MutexMatch: Semi-Supervised Learning With Mutex-Based Consistency Regularization.

作者信息

Duan Yue, Zhao Zhen, Qi Lei, Wang Lei, Zhou Luping, Shi Yinghuan, Gao Yang

出版信息

IEEE Trans Neural Netw Learn Syst. 2024 Jun;35(6):8441-8455. doi: 10.1109/TNNLS.2022.3228380. Epub 2024 Jun 3.
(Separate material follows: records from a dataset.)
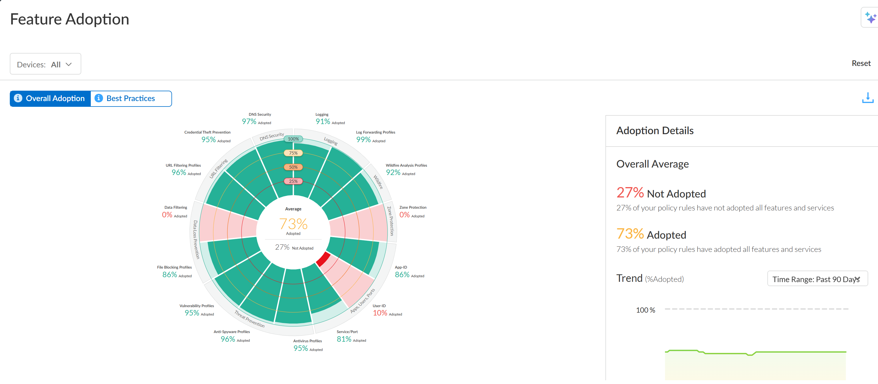 - To focus on the feature adoption for a specific set of firewalls, you can filter the chart based on device group, including Panorama-managed devices. You can also see historical adoption trend charts.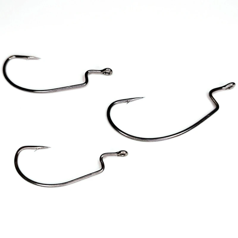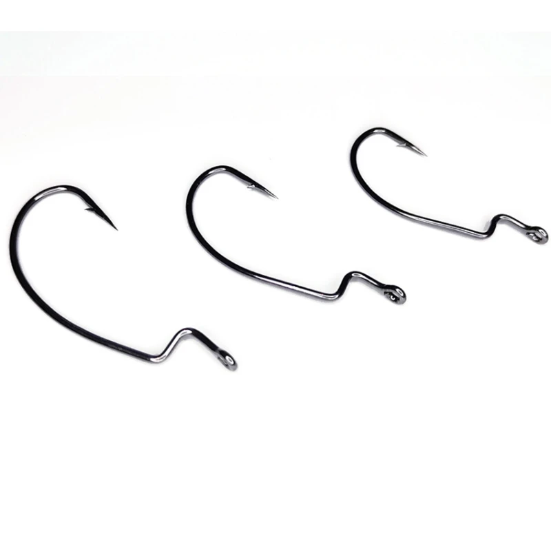 Anzuelo de Pesca de 50 piezas, aparejos de Pesca con ojos circulares, cebo blando con púa, cuerpo plano, Accesorios Negros, equipo para carpa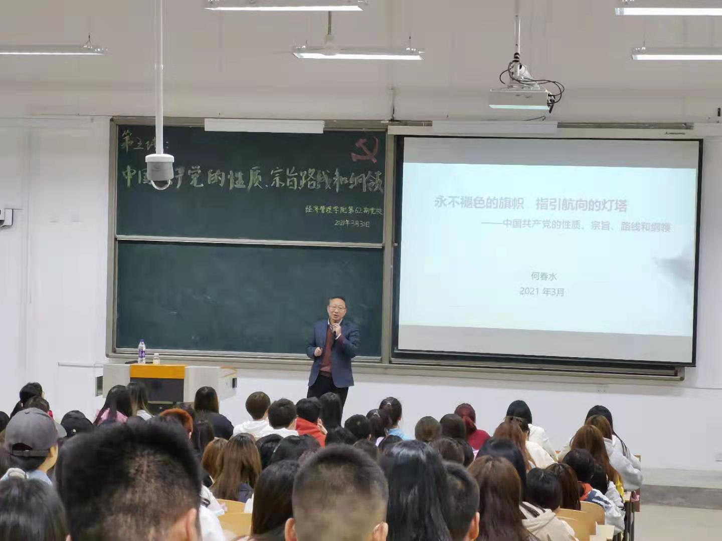 3月30日晚7时,BB贝博艾弗森官方网站第62期分党校培训第三讲“中国共产党的性质、宗旨、路线及纲领”于教1-205教室顺利开讲,本次党课特邀请校纪委副书记何春水老师为260余名党课学员进行指导及授课。
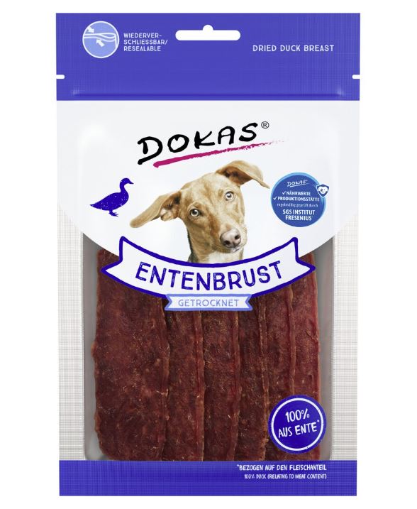 Pamlsky Dokas jsou bez konzervantů, umělých barviv, dochucovadel a glycerinu. Sáček má praktické uzavírání, pamlsky tak zůstanou déle čerstvé a voňavé.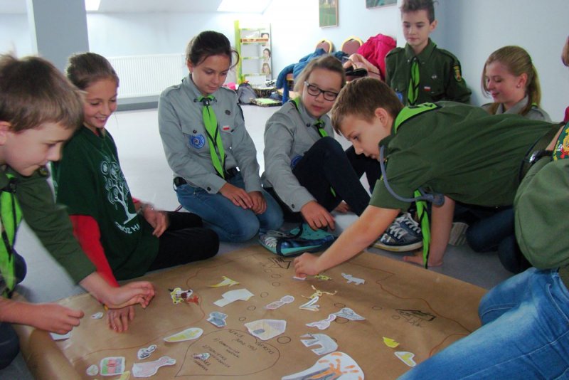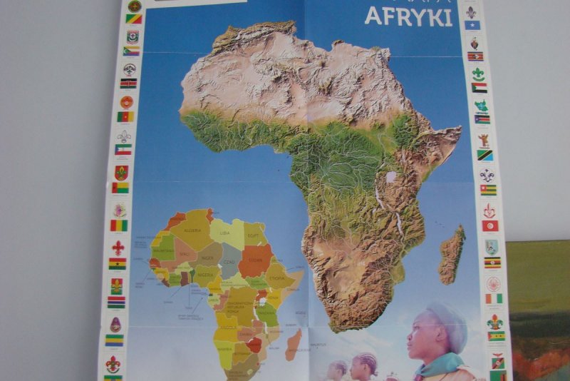 Na zdjęciach harcerze w czasie pracy nad mapą Afryki.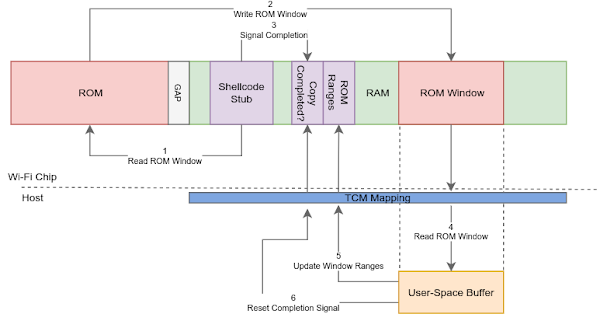 The TCM mapping provides a view into the Wi-Fi chip’s RAM. While accessing the RAM is undoubtedly useful (as it allows us to gain visibility into the runtime structures used by the chip, such as the heap’s state), it does not allow us to directly access the chip’s ROM. So why did we go to all of this effort to begin with? Well, while thus far we have only used the mapped TCM buffer to read the Wi-Fi SoC’s RAM, recall that the same mapping also allows us to freely write to it -- any data written to the memory-mapped buffer is automatically reflected back to the Wi-Fi SoC’s RAM.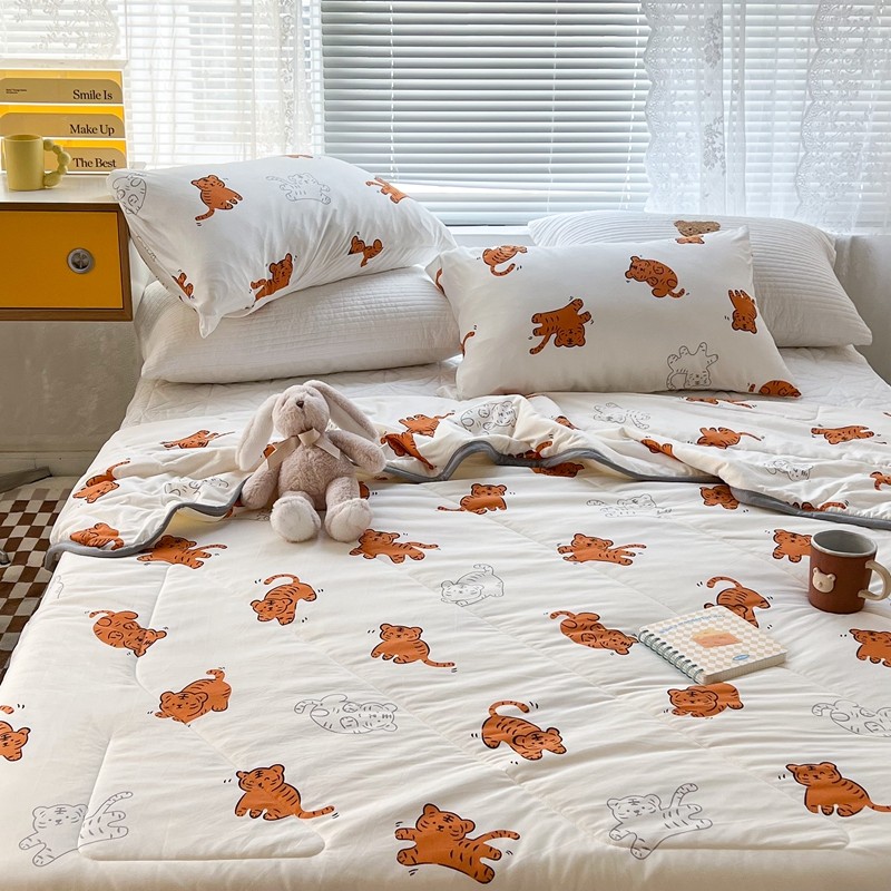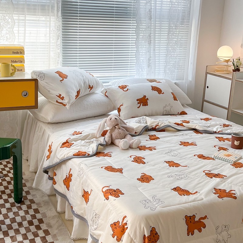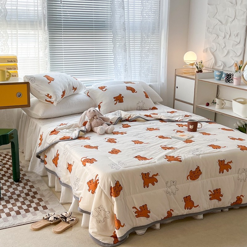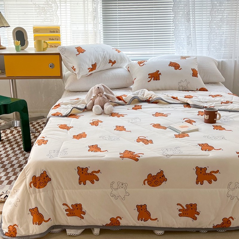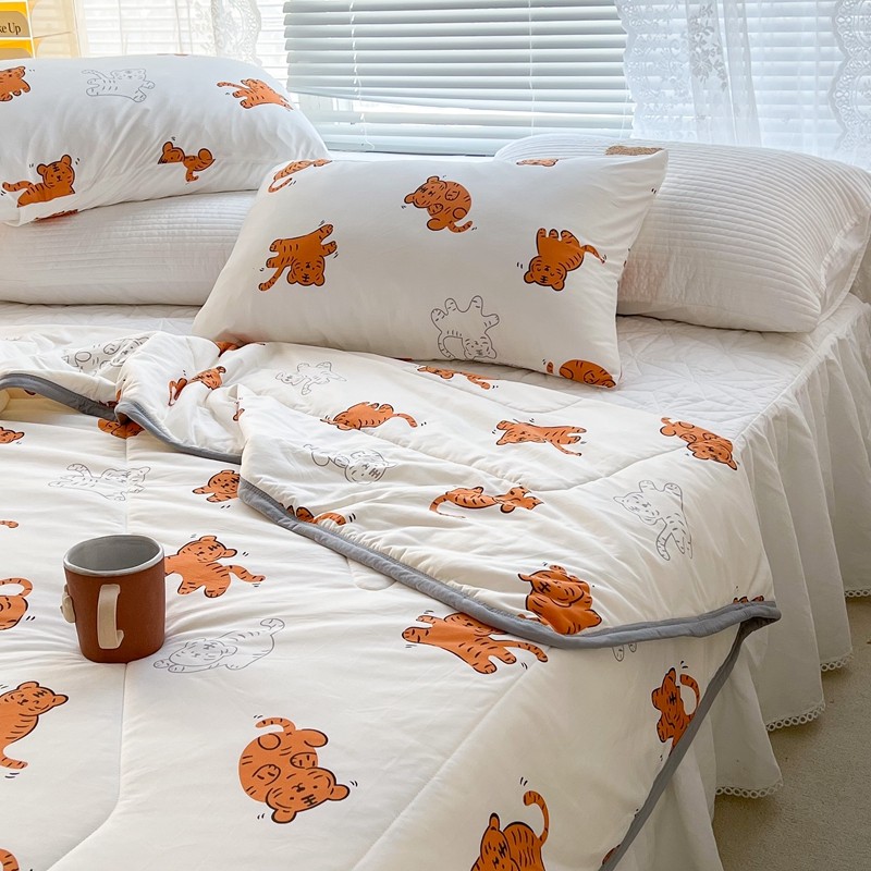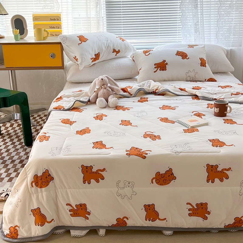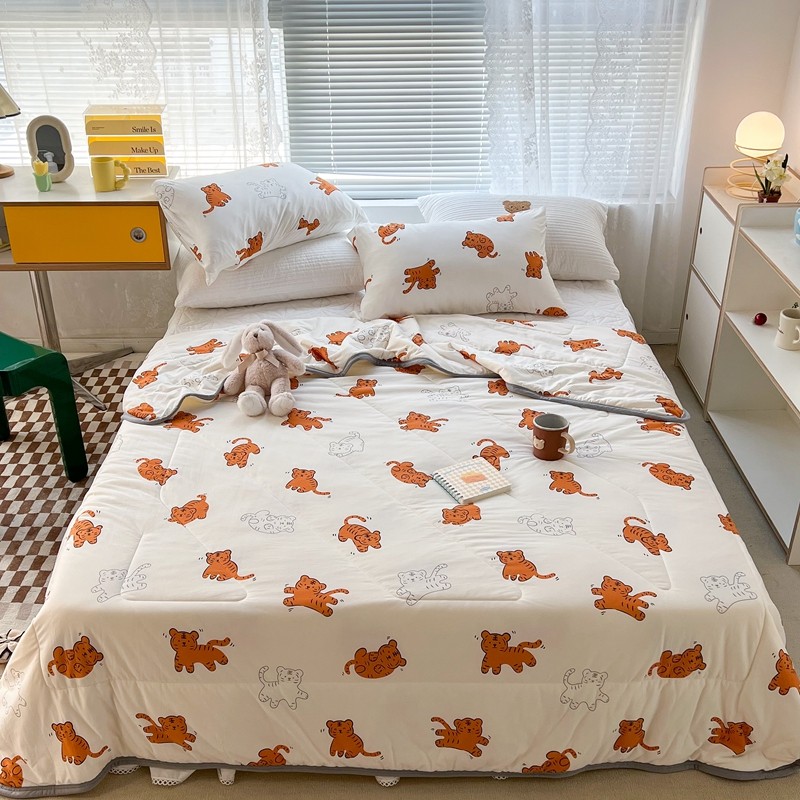 商品名称:昔可 2022新款包边牛奶丝针织夏被 橙色小老虎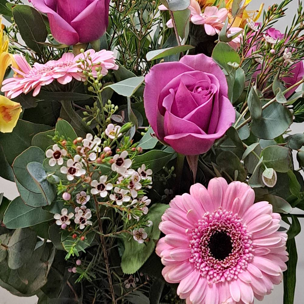 Este ramo combina flores de diferentes colores y texturas, simbolizando diversidad, alegría, vitalidad y frescura. Es perfecto para expresar cariño, felicitaciones, gratitud o simplemente para sorprender a alguien con un detalle floral vibrante y lleno de energía positiva.
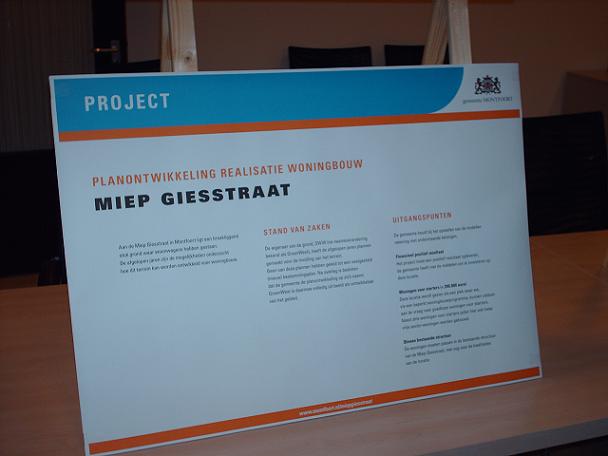 Geplaatst op:22-11-2011 Bijgewerkt op:22-11-2011 20:38 Inloopavond Miep GiesstraatBron: redactie RSM Aad van der VeenAlles stond op borden duidelijk weergegeven Op een redelijk goed bezochte inloopavond werden op 22 november de 3 opties voor nieuwbouw op de Miep Giesstraat door het college gepresenteerd. De 3 opties waren met name de wijze waarop de 3 starters + woningen en de 2 vrijstaande huizen worden gesitueerd. Nadat het ontwerp 7 x door zowel bewoners of raad naar de prullenbak werd verwezen, hoopt wethouder Jonkers dat dit project, wat geheel door de gemeente wordt gedaan, wel succesvol verloopt. Hij hoopt tevens dat het bouwen kan gebeuren door één of meerdere Montfoortse aannemers, uiteraard in een samenwerkingsverband. Nog even kijken naar de oude / huidige situatie Nadat de reacties van de inwoners zijn geïnventariseerd, worden de plannen verder uitgewerkt. Medio februari kan het in de raad worden besproken en na goedkeuring gestart worden met het gehele verdere traject. Om daarna te discussieren over de 3 nieuwe opties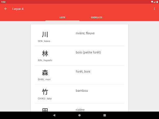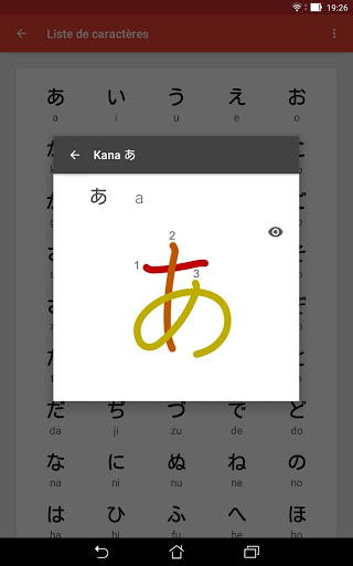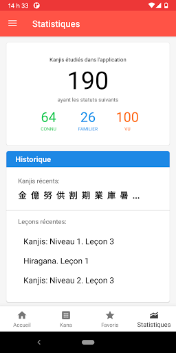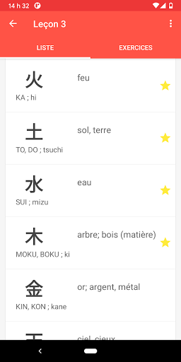 Cette application est conçue pour apprendre des caractères japonais et, tout d'abord, les kanjis, caractères chinois qui sont utilisés dans le système d'écriture du japonais moderne. Les exercices interactifs vous aideront à mémoriser les caractères, leurs significations et leurs lectures de base. L’application comprend aussi la section Kana qui permet d'étudier et de pratiquer les syllabaires japonais, Hiragana et Katakana, ce qui peut être très utile pour les débutants.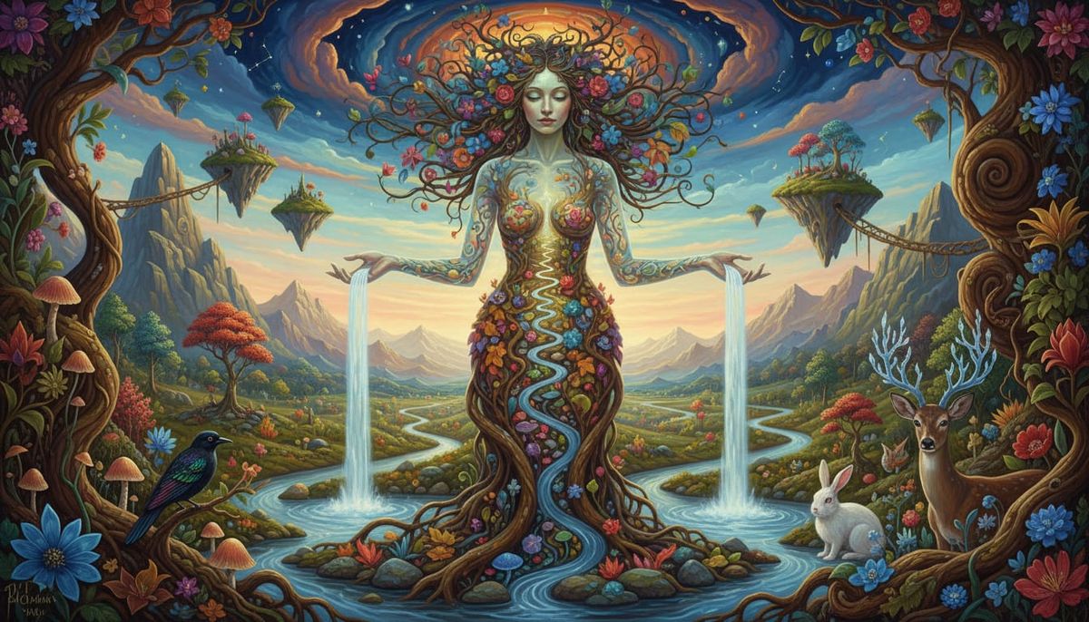 This image shows a surreal depiction of Mother Nature merging with a vibrant landscape. Waterfalls flow from her hands, surrounded by organic elements and gentle animals, in a dreamlike, symbolic style.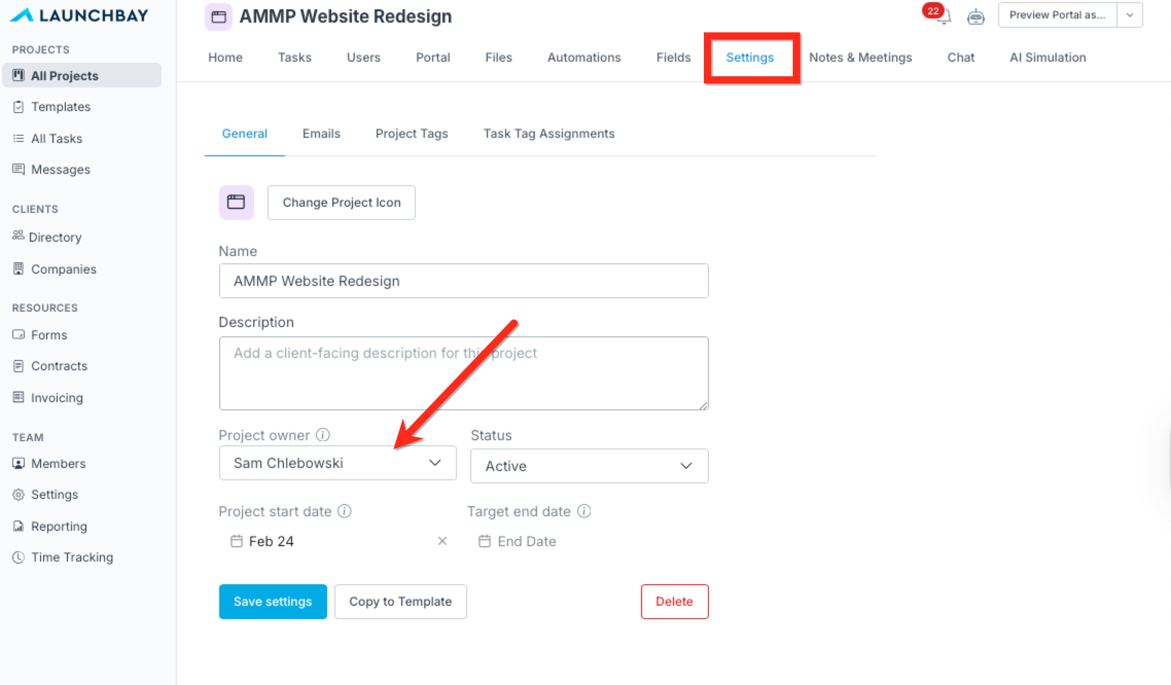 Once you have added your team member to the project, click "Settings" from the top navigation menu. In the "General" tab, select a new project owner from the dropdown menu.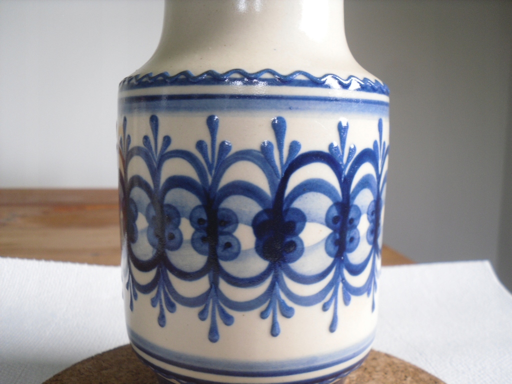 Привіт. На своїх аукціонах я зазвичай пропоную вам речі періоду Польської Народної Республіки. На цьому аукціоні я пропоную гарну керамічну вазу, розписану вручну синьо-білими кольорами, фактура відчувається під пальцями. Ваза з цікавою формою і дуже цікавим малюнком. Ваза ціла, без тріщин та пошкоджень. Незначна зміна кольору всередині, тиснений цифровий підпис. /видно на фотографіях/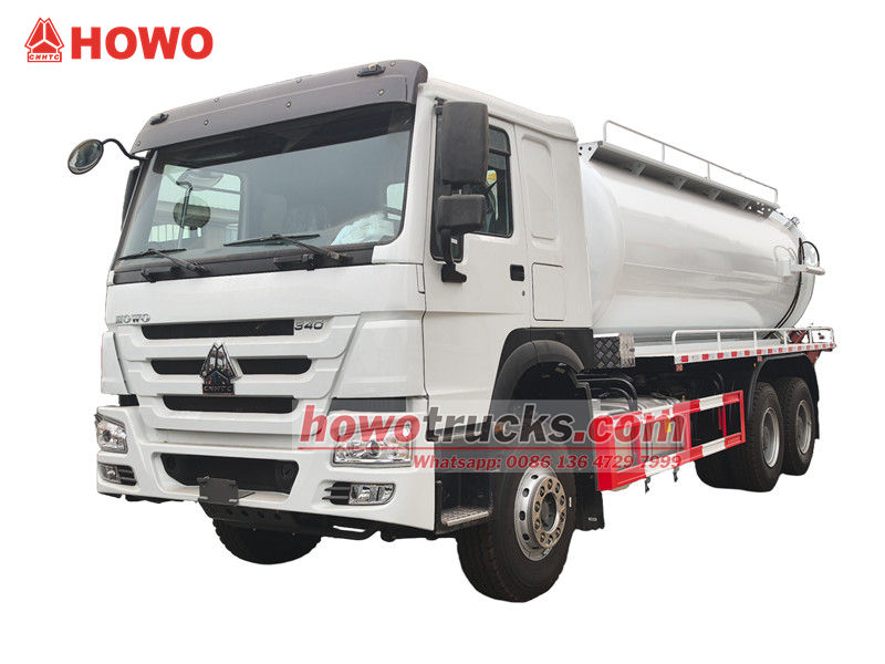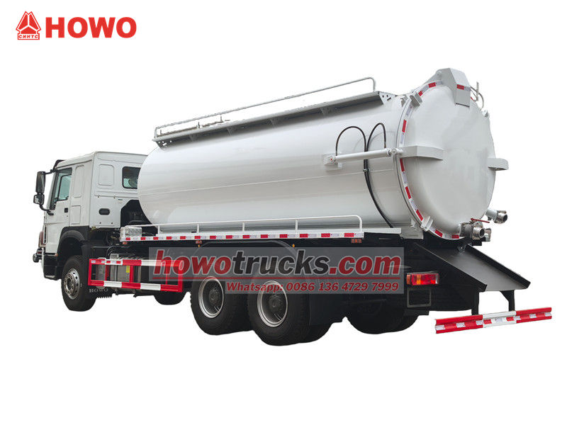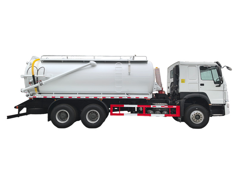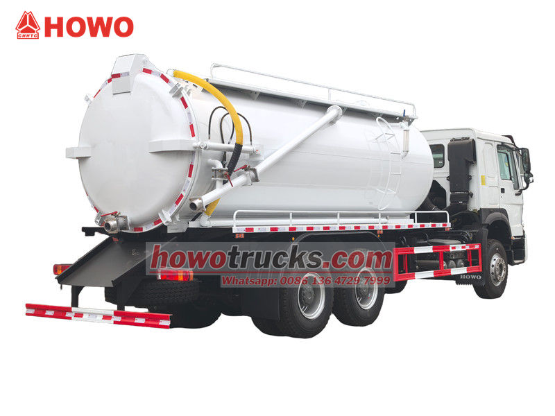 HOWO 15立方米真空吸污车(又称HOWO化粪池抽吸车、HOWO 15立方米真空吸污车、HOWO污泥真空泵罐车、HOWO十轮污水处理罐车等)用于收集、运输和排放污水、污泥、化粪池污泥、原油等液体以及小石子、砖块等固体物质。适用于清理下水道、化粪池、沟渠等。

DOI:10.1109/TNNLS.2022.3228380
PMID:37015443
Abstract

The core issue in semi-supervised learning (SSL) lies in how to effectively leverage unlabeled data, whereas most existing methods tend to put a great emphasis on the utilization of high-confidence samples yet seldom fully explore the usage of low-confidence samples. In this article, we aim to utilize low-confidence samples in a novel way with our proposed mutex-based consistency regularization, namely MutexMatch. Specifically, the high-confidence samples are required to exactly predict "what it is" by the conventional true-positive classifier (TPC), while low-confidence samples are employed to achieve a simpler goal-to predict with ease "what it is not" by the true-negative classifier (TNC). In this sense, we not only mitigate the pseudo-labeling errors but also make full use of the low-confidence unlabeled data by the consistency of dissimilarity degree. MutexMatch achieves superior performance on multiple benchmark datasets, i.e., Canadian Institute for Advanced Research (CIFAR)-10, CIFAR-100, street view house numbers (SVHN), self-taught learning 10 (STL-10), and mini-ImageNet. More importantly, our method further shows superiority when the amount of labeled data is scarce, e.g., 92.23% accuracy with only 20 labeled data on CIFAR-10. Code has been released at https://github.com/NJUyued/MutexMatch4SSL.

摘要

半监督学习(SSL)的核心问题在于如何有效利用未标记数据,而大多数现有方法往往非常强调高置信度样本的利用,却很少充分探索低置信度样本的用途。在本文中,我们旨在通过提出的基于互斥的一致性正则化方法,即互斥匹配(MutexMatch),以一种新颖的方式利用低置信度样本。具体而言,传统的真阳性分类器(TPC)要求高置信度样本准确预测“它是什么”,而低置信度样本则用于实现一个更简单的目标——由真阴性分类器(TNC)轻松预测“它不是什么”。从这个意义上说,我们不仅减轻了伪标签错误,还通过差异度的一致性充分利用了低置信度的未标记数据。互斥匹配在多个基准数据集上取得了优异的性能,即加拿大高级研究所(CIFAR)-10、CIFAR-100、街景门牌号(SVHN)、自学学习10(STL-10)和迷你ImageNet。更重要的是,当标记数据量稀缺时,我们的方法进一步显示出优势,例如在CIFAR-10上仅使用20个标记数据时准确率达到92.23%。代码已在https://github.com/NJUyued/MutexMatch4SSL上发布。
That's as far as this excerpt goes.